4. Tips voor effectief gebruik
* Experiment: De beste manier om te leren is om te experimenteren met verschillende schuifposities en splitschuifconfiguraties. Er is geen one-size-fits-all setting.
* Gebruik gesplitste schuifregelaars: Split de schuifregelaars altijd met behulp van ALT/optie voor soepelere overgangen. Dit is cruciaal voor natuurlijk ogende resultaten.
* Combineer met laagmaskers: 'Blend if' werkt goed in combinatie met laagmaskers. Gebruik een masker om te regelen * waar * het 'mengsel als' effect wordt toegepast. Dit geeft je nog meer controle.
* niet-destructief: De functie 'Blend If' is niet-destructief. U kunt altijd teruggaan en de instellingen aanpassen.
* Beschouw mengmodi: Combineer 'blend if' met verschillende mengmodi (normaal, vermenigvuldig, scherm, overlay, enz.) Om nog meer diverse effecten te bereiken. De mengmodus beïnvloedt * hoe * de laag op elkaar inwerken met de onderliggende lagen * vóór * 'blend if' wordt toegepast.
* Denk aan tonaal bereik: Denk altijd in termen van tonale reeksen (schaduwen, middentonen, hoogtepunten) bij het gebruik van 'Blend if'. Dit zal u helpen het effect te visualiseren en het gewenste resultaat te bereiken.
* Begin met kleine aanpassingen: Maak kleine aanpassingen aan de schuifregelaars en observeer de veranderingen. Overdrijven kan leiden tot onnatuurlijke resultaten.
* Let op bitdiepte: 'Blend if' berekeningen werken met de huidige bitdiepte van de afbeelding. Als u met een 8-bits afbeelding werkt, hebt u minder tonale gradaties dan in een 16-bit beeld, wat de gladheid van overgangen kan beïnvloeden.
* Gebruik met aanpassingslagen: Het is goed om aanpassingslagen zoals curven of niveaus toe te passen en vervolgens Blend te gebruiken als u de aanpassing tot bepaalde tonale reeksen kunt beperken. Dit is veel subtieler dan het toepassen van de aanpassing op de gehele laagstapel.
5. Veel voorkomende fouten om te voorkomen
* vergeten de schuifregelaars te splitsen: Dit leidt tot harde, onnatuurlijke overgangen.

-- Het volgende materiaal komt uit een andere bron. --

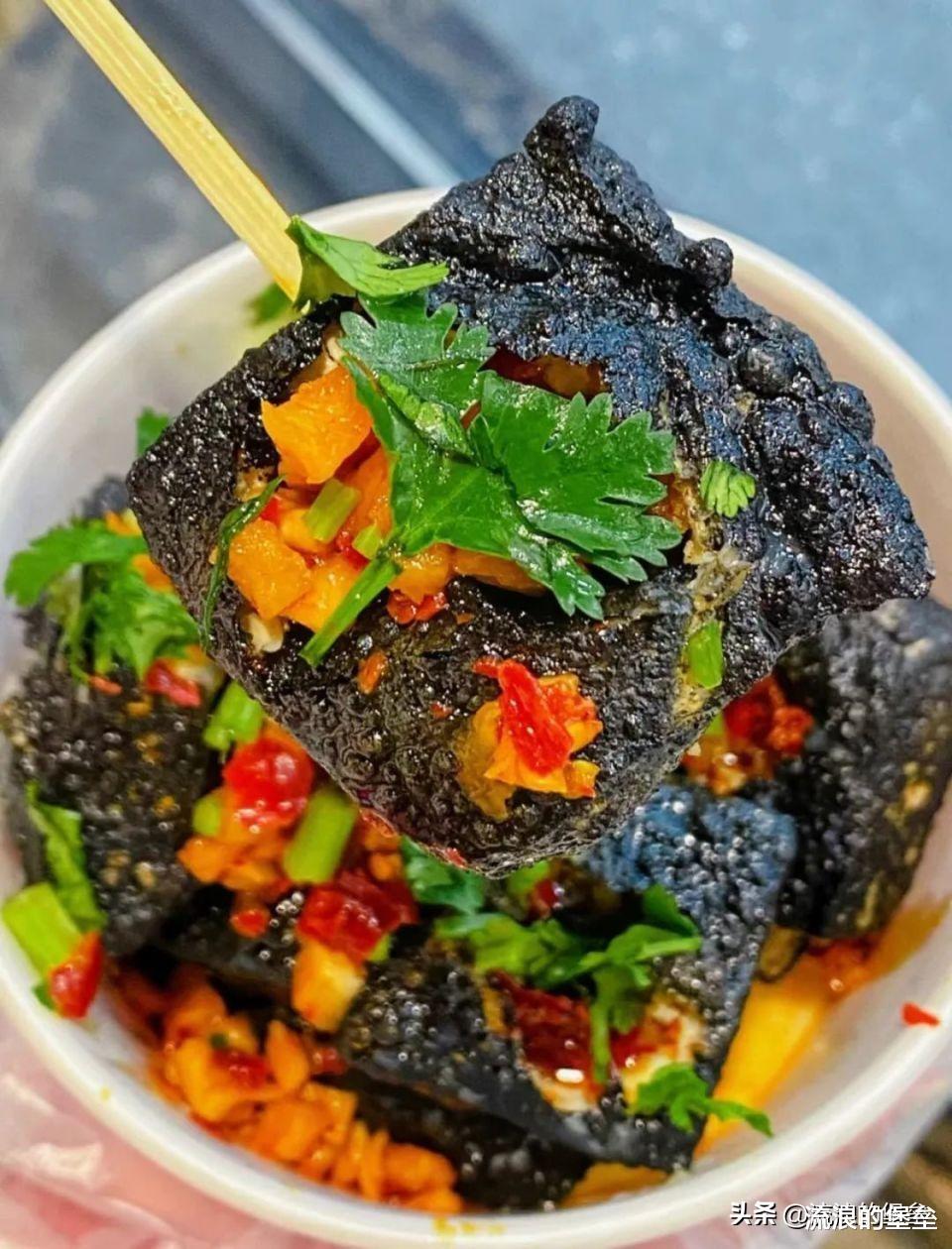 第十个臭豆腐,我觉得没有太多人可以拒绝臭豆腐,酥酥脆脆的外皮,包裹着嫩嫩的内里,灌一口汤汁, 加点配菜,真的一绝!

* het effect overdrijven: Subtiliteit is vaak belangrijk.
* Niet overwegen Blend -modi: Blend -modi kunnen het eindresultaat drastisch wijzigen.
* Niet experimenteren: Wees niet bang om verschillende instellingen te proberen.
* het negeren van de onderliggende lagen: Wat is er onder zaken! De helderheidswaarden daar stimuleren het effect.
Door de hierboven beschreven principes te begrijpen en te oefenen met verschillende voorbeelden, kunt u de functie 'Blend if' beheersen en uw Photoshop -workflow aanzienlijk verbeteren. Het is een veelzijdig hulpmiddel om naadloze melanges te bereiken, realistische texturen toe te voegen en unieke visuele effecten te creëren.